Understanding why are you addicted to eating is your first step.. Do some reading on "Hyperpalatable" foods.

Here's a link to one article....


Compulsive Overeating: Why It Happens and How to Stop It


----------



## Bellavista

Thanks, I will look at those links. I am considering joining overeaters anon, I looked it up & there is a chapter not too far from where I live.

I do have food intolerance, I am gluten free. I don't think I have major emotional issues, I am in peri-menipause & have had multiple blood work done to see if there is a health issue & there is nothing showing.


----------



## Dollystanford

I do find the relationships people have with food very interesting - I'm not an emotional eater at all, in fact quite the opposite, but some days I will eat far too much and other days nothing at all

have you thought about possibly making a food diary on here, like the workout thread? Sometimes actually writing down exactly what you're eating can help - your daily calorie intake being there in black and white might shock you and I'm sure it would help other people too, kind of like a TAM weightwatchers but free! Just a thought...

Also do you do any exercise at all? I do a desk job, sometimes it's really difficult to get motivated but even just having a brisk walk for half an hour a day can help


----------



## Badboy200393

Like its a new thing for me , can somebody Addicted of eating. a bit funny but its really serious issue. I think consult with an expert asap....


----------



## ShawnD

Seriously, just go get some drugs. It's far easier than actually doing something.

I was on one medication and I gained about 20 pounds in 1-2 months. I felt exactly as described in the OP - everything was delicious and I looked forward to eating. Apparently this was because the drug is a 5-HT2c antagonist, and that somehow stimulates appetite. I stopped taking that drug and switched to one that increases serotonin across the board, thereby having the exact opposite effect of a 5-HT2c antagonist. My appetite dropped dramatically and I lost all of that weight in 1-2 months. Never underestimate the power (and danger) of drugs. The miracle weight loss drug is called moclobemide. It's a weak MAO-A inhibitor given for depression. A lot of people have also reported weight loss when taking bupropion, another antidepressant.
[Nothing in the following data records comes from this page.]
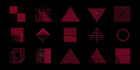 Red lines form distinct geometric shapes on a black backdrop, creating a collection of abstract designs that explore symmetry and patterns.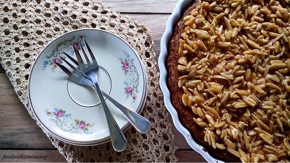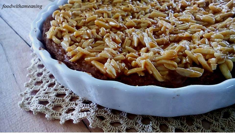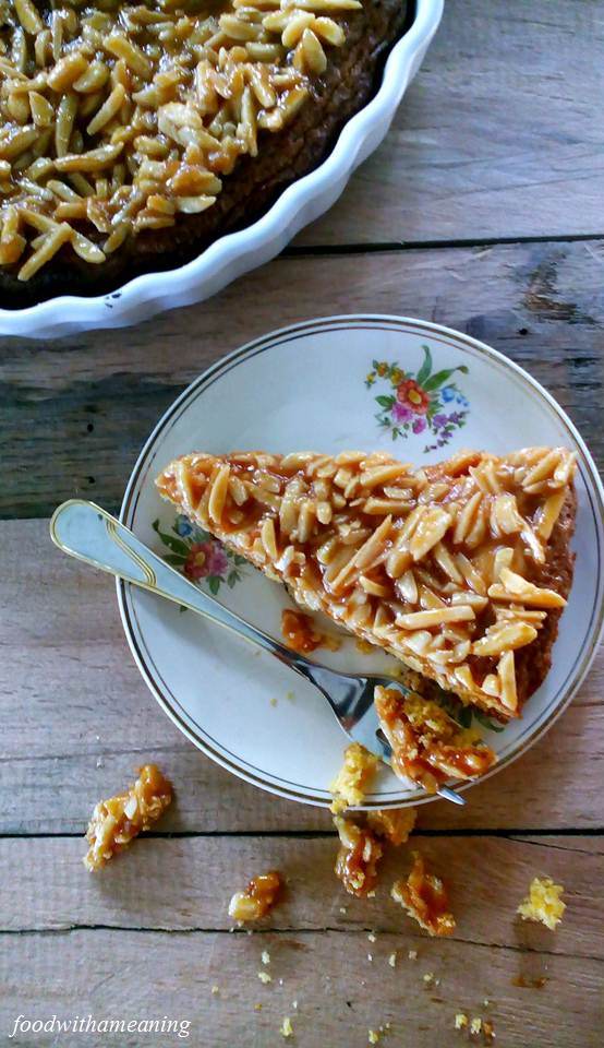 Por acaso não sou muito apreciadora de tarte de amêndoa, apenas porque não gosto de amêndoas. Mas adoro nozes e se esta tarte fpr feita com nozes ficará PERFEITA… por isso vou fingir que estou a ver uma tarte de nozes… E digo-te… Está LINDA.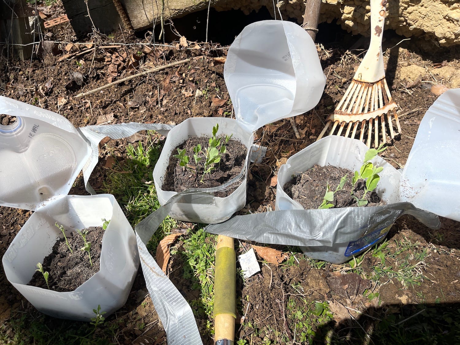 When I pulled back the duck tape and opened the milk jugs, I found that the sweet peas were up about 4 inches and ready to plant.

The alternative is to eat a mostly vegetarian diet. As any stoner will tell you, most drugs come from plants. Marijuana, cocaine, and heroin are all drugs from plants. What people forget is that _all_ plants contain drugs or other chemicals that have psychotropic effects. This is why plants often taste bad - humans have evolved to know that drugs taste bad. Most drugs are weak organic bases, so they have a bit of a bitter taste. Any plant that has a very strong taste that is not sugary likely contains a lot of drugs. Look for the most extreme tasting foods and that's where you'll find the most drugs.
-garlic
-onions
-green leafy vegetables

As with any other drugs, use common sense. Garlic and onions are actually poisonous. If you use meth head logic and go on an all garlic diet, you can expect to die or become very sick. Other animals like cats and dogs can die from eating a single clove of garlic.


----------



## relationshipsguide_gal

Hi Bellavista! Thanks for sharing your problem, I think a lot of people here can relate. I agree with the other's advice, you should find out first what's causing you to over-eat. It may be best to seek help from a professional. Next, try different methods to see which ones work for you best. (Just make sure it's safe and healthy!  )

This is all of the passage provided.